Proportion Hypothesis Test (level of significance .05)
The above are hypothesis tests for both the systematic and random samples for the
population proportion equal to .05 of players elected by the old timer’s committee. The test for
the random sample we do not reject the null hypothesis because the P-value of .468 > .05. We
conclude that we do not have evidence to suggest the true population proportion is different
than .05. The true population proportion is .05 so we have come to the correct conclusion. The
hypothesis test for systematic sample suggests that we do not reject the null hypothesis
because the P-value of .99 > .05. We conclude that we do not have evidence to suggest the true
population proportion is different than .05. In both cases we have not made any errors
assuming that our true population data is correct.
Hypothesis Test for the Population Mean (level of significance .05)
The above are hypothesis tests for both the systematic and random samples for the
population mean equal to 85.11 homeruns hit on average by each player. The test for the
random sample we do not reject the null hypothesis because the P-value of .833 > .05. We
conclude that we do not have evidence to suggest the true population mean is different than
.85.11. The true population mean is 85.11 so we have come to the correct conclusion.
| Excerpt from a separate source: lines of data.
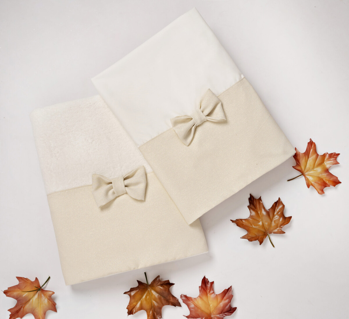 Βαμβακερά λαδόπανα σε ιβουάρ χρώμα με ύφασμα. Τα λαδόπανα περιλαμβάνουν μεγάλη πετσέτα και σεντόνι, πετσέτα μικρή και εσώρουχα.
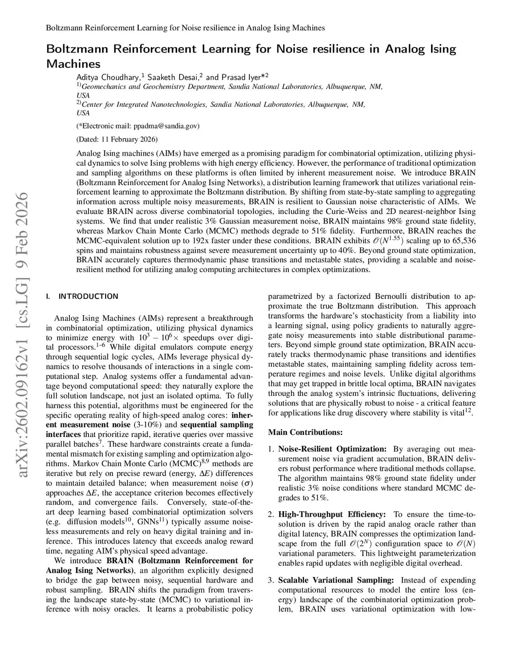Analog Ising machines (AIMs) have emerged as a promising paradigm for combinatorial optimization, utilizing physical dynamics to solve Ising problems with high energy efficiency. However, the performance of traditional optimization and sampling algorithms on these platforms is often limited by inherent measurement noise. We introduce BRAIN (Boltzmann Reinforcement for Analog Ising Networks), a distribution learning framework that utilizes variational reinforcement learning to approximate the Boltzmann distribution. By shifting from state-by-state sampling to aggregating information across multiple noisy measurements, BRAIN is resilient to Gaussian noise characteristic of AIMs. We evaluate BRAIN across diverse combinatorial topologies, including the Curie-Weiss and 2D nearest-neighbor Ising systems. We find that under realistic 3\% Gaussian measurement noise, BRAIN maintains 98\% ground state fidelity, whereas Markov Chain Monte Carlo (MCMC) methods degrade to 51\% fidelity. Furthermore, BRAIN reaches the MCMC-equivalent solution up to 192x faster under these conditions. BRAIN exhibits scaling up to 65,536 spins and maintains robustness against severe measurement uncertainty up to 40\%. Beyond ground state optimization, BRAIN accurately captures thermodynamic phase transitions and metastable states, providing a scalable and noise-resilient method for utilizing analog computing architectures in complex optimizations.
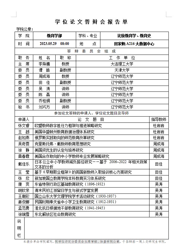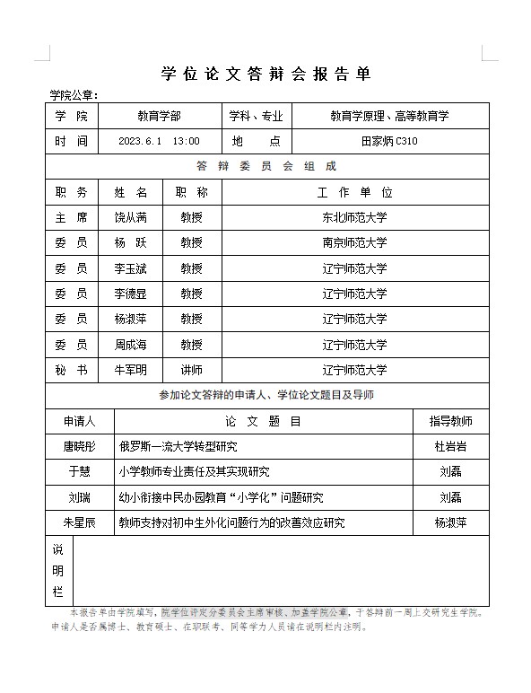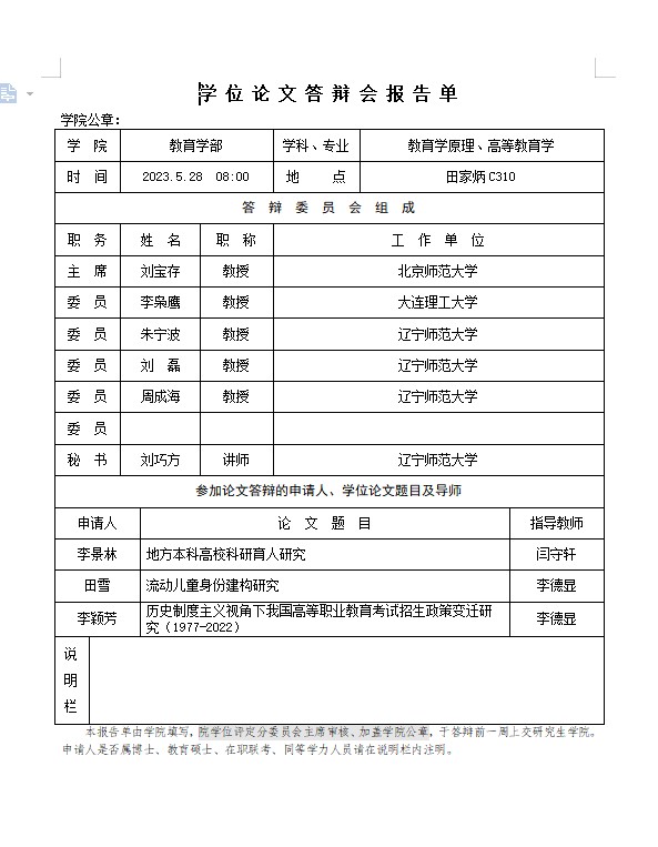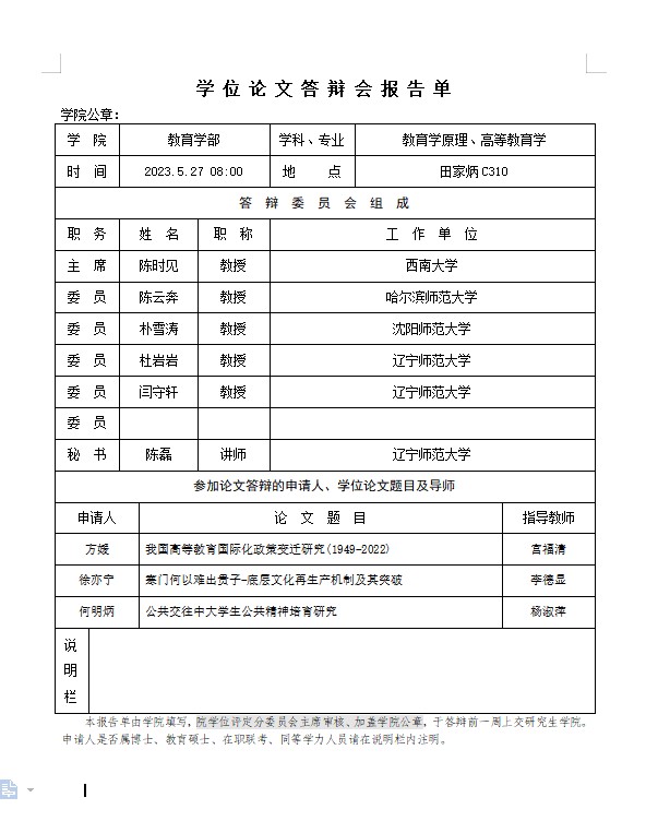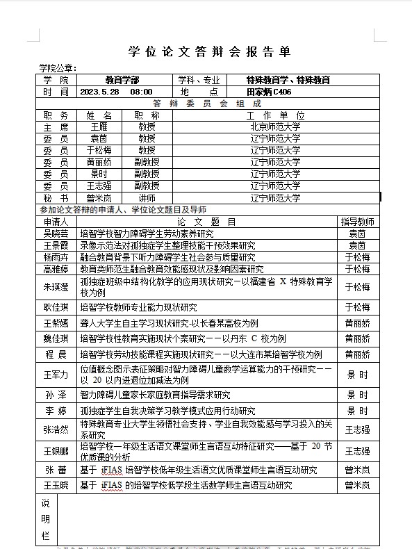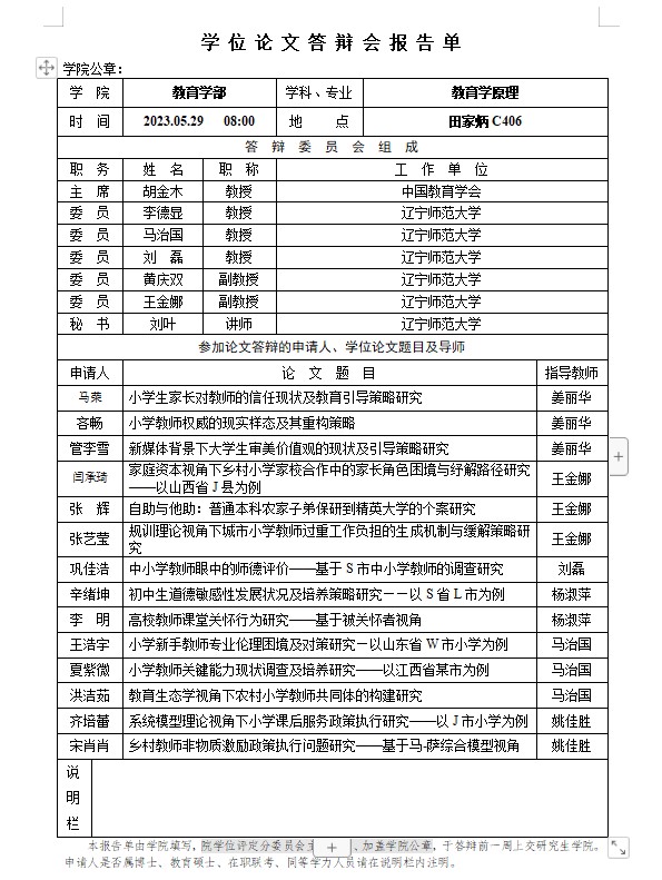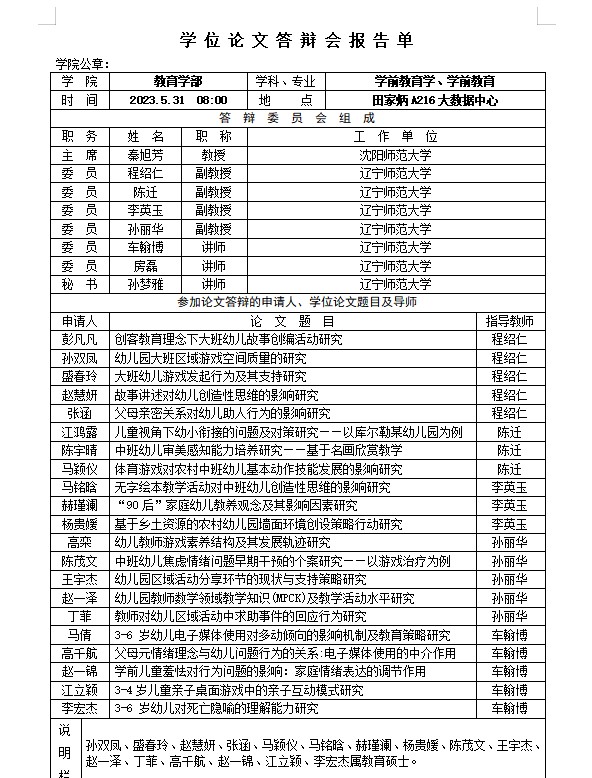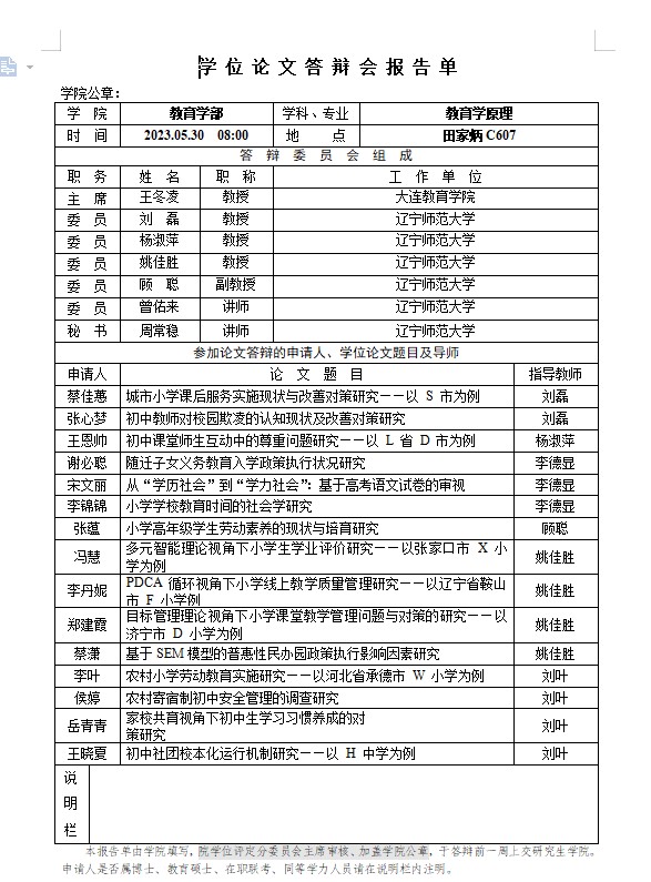 2023年学位论文答辩报告单公示
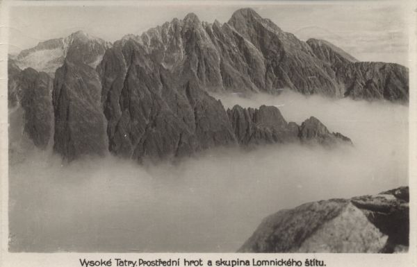 Pośrednia Grań w morzu mgieł. W tle Hawrań, Durny Szczyt i Łomnica. Pod zdjęciem opis: Vysoké Tatry. Prostřední hrot a skupina Lomnického štítu.
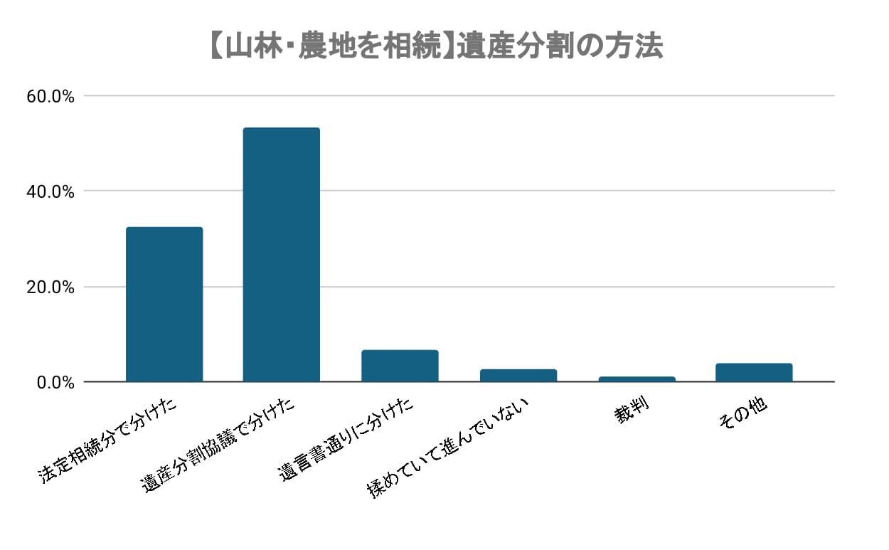 山林や農地を相続した人の中で、最も多かった分割方法は「遺産分割協議で分けた」(53.2%)でした。次に多かったのは「法定相続分で分けた」(32.6%)で、この2つの方法だけで全体の85%以上を占めていました。一方で、「遺言書通りに分けた」という人は6.7%にとどまりました。
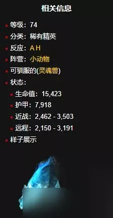 二、基础信息介绍 (1)基础属性 等级:74 分类:稀有精英 反应:A H 阵营:小动物 可驯服的(灵魂兽) 状态: 生命值:15,423 护甲:7,918 近战:2,462 - 3,503 远程:2,150 - 3,191
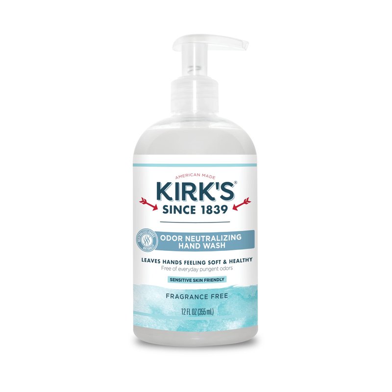 - SENSITIVE SKIN FRIENDLY Kirk’s odor-neutralizing hand wash contains no harsh chemicals or toxins that may dry or irritate your skin. Our natural formula is hydrating and safe for the most sensitive hands. Perfect as a kitchen hand soap, when hand washing is constant!
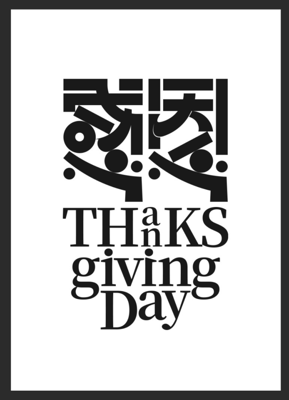 幾何化不代表 “放棄書寫邏輯”。在 “感恩節(jié)” 的 “感” 字設(shè)計(jì)中,將撇筆做 “由細(xì)到粗” 的過渡,模擬手寫時(shí) “下筆重、收筆輕” 的力道;在 “恩” 字設(shè)計(jì)中,將內(nèi)部的撇筆與豎筆做 “連筆重組”,貼合手寫時(shí) “筆畫銜接的慣性”。這種 “幾何結(jié)構(gòu) + 書寫屬性” 的疊加,讓文字既有幾何的規(guī)整,又有手寫的流暢。

The
hypothesis test for systematic sample suggests that we do not reject the null hypothesis
because the P-value of .52 > .05. We conclude that we do not have evidence to suggest the true
population mean is different than 85.11. In both cases we have not made any errors (Type I or
Type II) assuming that our true population data is correct.
Reflection
This project was very interesting because I was able to apply the concepts that I learned
in class to a real world applicable situations. This could possibly be useful in my future career. In
social work it is very important to find summary statistics, hypothesis tests, and confidence
intervals relating to substance abuse and what public policies are effective in helping people.
Our sample for the proportion meets the sampling conditions because of the way we
conducted the samples in unbiased. The samples are also less than 5% of the total population.
The samples that we conducted for the mean homeruns (quantitative data) is also unbiased
through the simple random and systematic selection processes we used. In this case the sample
sizes are greater than 30 which allows us to construct confidence intervals and hypothesis tests
even if the population is not normally distributed.
Our conclusions about our hypothesis tests make sense because in this case we do know
the true population data and we tested based on the true values. If we were to reject any of
our hypothesis based on the tests that we conducted we would be encountering a type I error.
In all of our samples we were not able to reject the null hypothesis. We did not make any type I
errors.
Extra Credit Regression
p
This regression shows the positive correlation between hits and homeruns. As a player gets
more hits our regression shows that the player will also hit more homeruns. A player who hits 1500 hits
during his career will on average hit 106 home runs. A player who is a member of the 3000 hit club will
on average have hit 231 home runs. We can see that most of our data points are close to the origin. This
is because there are only a select few great players who get many hits and have many homeruns. We
would expect as we go up and to the right on our graph we would find more hall of famers.